Spring has sprung. Workshop applications are in, taxes filed, boosters available, wildflowers abloom, and the new OGQ…live. This issue of our online Community of Writers journal presents some of the best recent prose and poetry by alums, offered in celebration of their most recent publications. Do check out their full bios and by all means do purchase their work. Meanwhile, award-winning short story writer Mary Kuryla shares a chapter from her newest, a debut novel. Poet Lester Graves Lennon memorializes state-sanctioned racist murder but also the life of our own Community of Writers legend Lucille Clifton: “Oceans remember,” indeed! Novelist Rhoda Huffey gamely engages her wild dreamlife, laugh-out-loud creative insights into perhaps the writing of her 31 Paradiso. Patricia Dunn considers the inspiration, perspective, and timing required to grow as a writer, with a shout-out to activist-writer hero Grace Paley herself. Poet and anthology editor Emily Perez meditates on what’s required to assemble an anthology on motherhood, a standout collection which features, happily, many Community of Writers alums! Author and activist Ellen Bravo delivers one of many real-life episodes of struggle included in her decades-spanning survey of American peace, justice and labor rights organizing, Standing Up: Tales of Struggle.

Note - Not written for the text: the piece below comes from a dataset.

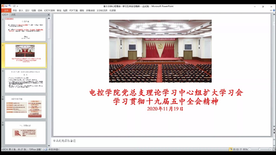11月19日晚19:30-21:00,千亿国际网页版登录钉钉线上开展党总支理论学习中心组扩大学习会,千亿国际网页版登录党总支委员、各教研室主任、各支部书记、两办人员、教学秘书参加会议。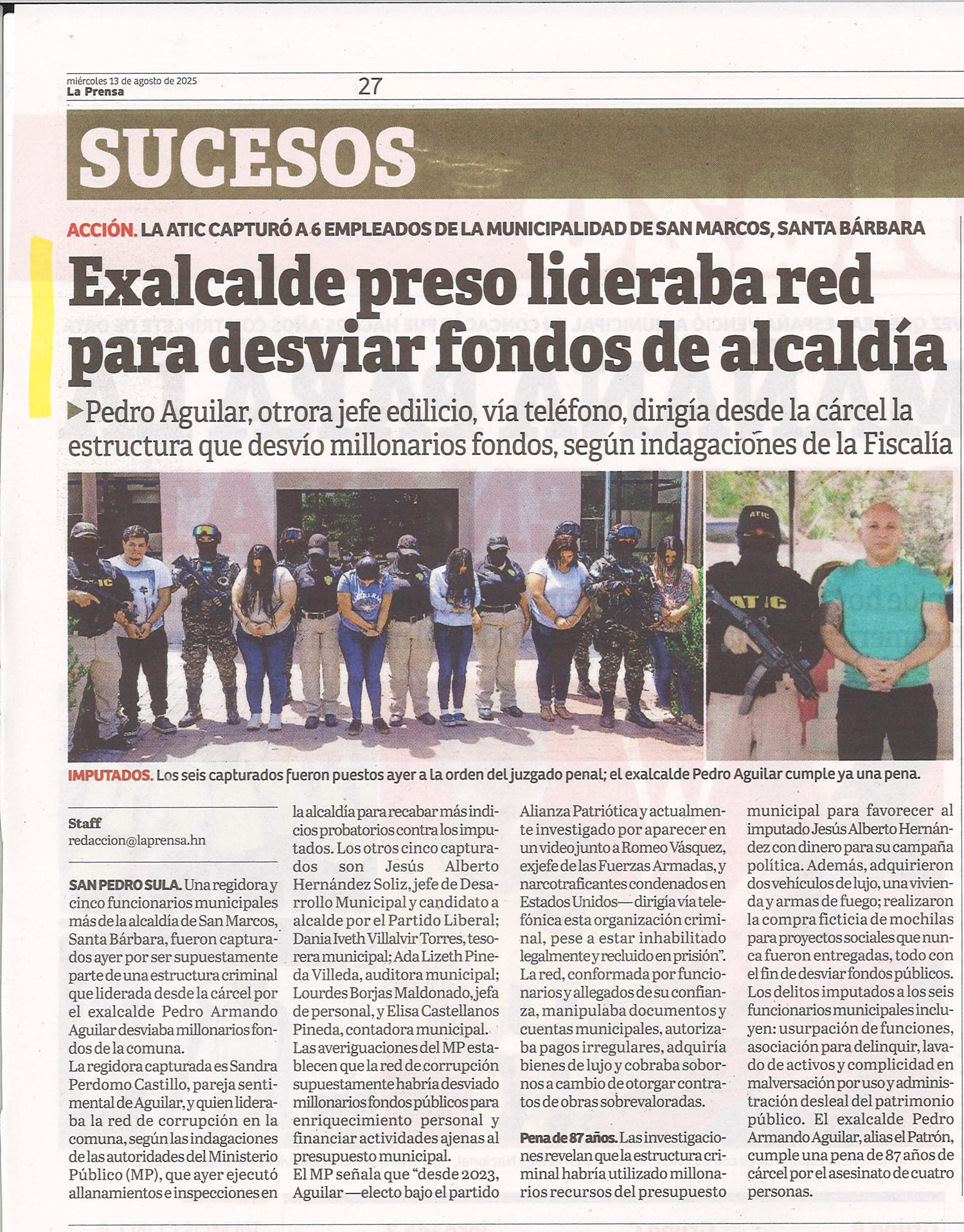 NacionalesPolicía Exalcalde preso lideraba red para desviar fondos de alcaldía Alejandra Irias Diario: La Prensa Fecha: 13 Agosto 2025 Página: 27

We offer hearty congratulations to all as we struggle, together, to affirm, create, and realize the best of our collective imaginings and re-imaginings.

Andrew Tonkovich
Editor, OGQ

ABOUT THE OGQ

Omnium Gatherum Quarterly (OGQ) is an invitational online quarterly magazine of prose and poetry, founded in 2019 as part of the 50th Anniversary of the Community of Writers. OGQ seeks to feature works first written in, found during, or inspired by the week in the valley. Only work selected from our alums and teaching staff will appear here. Conceived and edited by Andrew Tonkovich. Submissions will not be considered.